31 May 2009

MBA Ethics Oaths

Today’s Times reported that both Harvard and Columbia had instituted variations on a theme: an ethics oath for newly minted MBA graduates. It appears that Harvard’s is more voluntary but also requires a pro-active step; Columbia’s is built into the honors code and is assumed to apply for the entire career yet to be for all in the Columbia B-School orbit.

The article seemed to suggest that ethically driven financial wizards will restrain their greed for the greater good – because of the power of an oath. It is a well meaning and timely initiative. Who can criticize the welcome introduction of an ethics mandate in a curriculum committed to learning all the effective, efficient, innovative, and emerging ways to make money? Surely….

Teaching ethics is a necessary but insufficient way to imbue good behavior. Over 30 years ago, I taught some seminars in medical ethics at a medical school. They were well received and the discussions were lively and sincere. I am told that such courses and seminars are even more prevalent today. Yet, I regret to say, that over the years, I have come across a number of doctors, for whom that thinking was left at the academy gates. When challenged, they had plenty of exculpatory explanations, but it was clear that, when it might have mattered most, ethics was the furthest thing from their mind. Were it not for professional expectations and even laws which help mandate that ethics, however defined, are part of the system, one wonders how internalized these issues would be.

To return to our issue, I am one who believes that greed was not the driving force which led to the dismantling of the world financial order over the last 18 months. Greed isn’t new; it is not that many steps removed from attributes we respect such as ambition and drive. I am not at all persuaded that the Wall Street and hedge fund hotshots of the last era were greedier than their predecessors, or of most others not in the industry.
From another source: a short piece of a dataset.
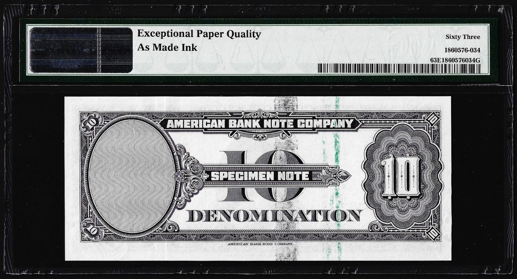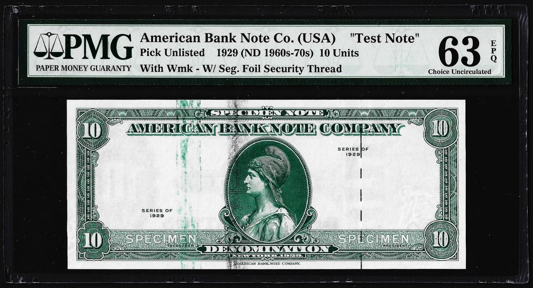 1929 10 Unit American Bank Note Co. "Test Note" PMG Choice Uncirculated 63EPQ

I do believe though that there has been a more perverse dilemma characteristic of the era we are concluding: and that is arrogance. Greed is having personal interest beyond reasonable expectation, even at the expense of others. Arrogance is that the rules don’t even apply, that one is above or beyond them.

How else to explain the push to dismantle regulation? How else to explain financial advisors who sit on non profit boards and push investments to their own firms, feeling that conflict of interest or prudent investor rules can be by-passed? How else to explain a sense of entitlement regardless of impact on others or even proven results?

We still have rules and used to have even more to limit greed; but arrogance defies easy legislative fixes. One hopes that the corrective of lost pride, wealth, and credibility will do what best practices and rules didn’t – bring a sense of propriety, humility, and balance to the next era. But to do so will require more than ethics oaths. If one doesn’t believe rules apply, what does an honor code mean? It will require a social expectation that judges such behavior, and boards which insist that they indeed do have a higher calling.

Some years ago, I had lunch at a famous restaurant with the scion of the wealthy family which had part ownership of this destination dining spot. There was a dress code for men – sport jackets or suits required. The scion chose to come in a dress t-shirt. The maître d quietly offered a jacket kept for such occasions. My young luncheon companion politely declined the offer – and then commented to me after the maître d was out of earshot. He confided, “Ownership should have its privileges.” Sitting there, I could imagine his father responding more emphatically, and with not a little bit of pique, “No, ownership should have its responsibilities!”

Ethics knows that there are rules; responsibility is knowing the difference.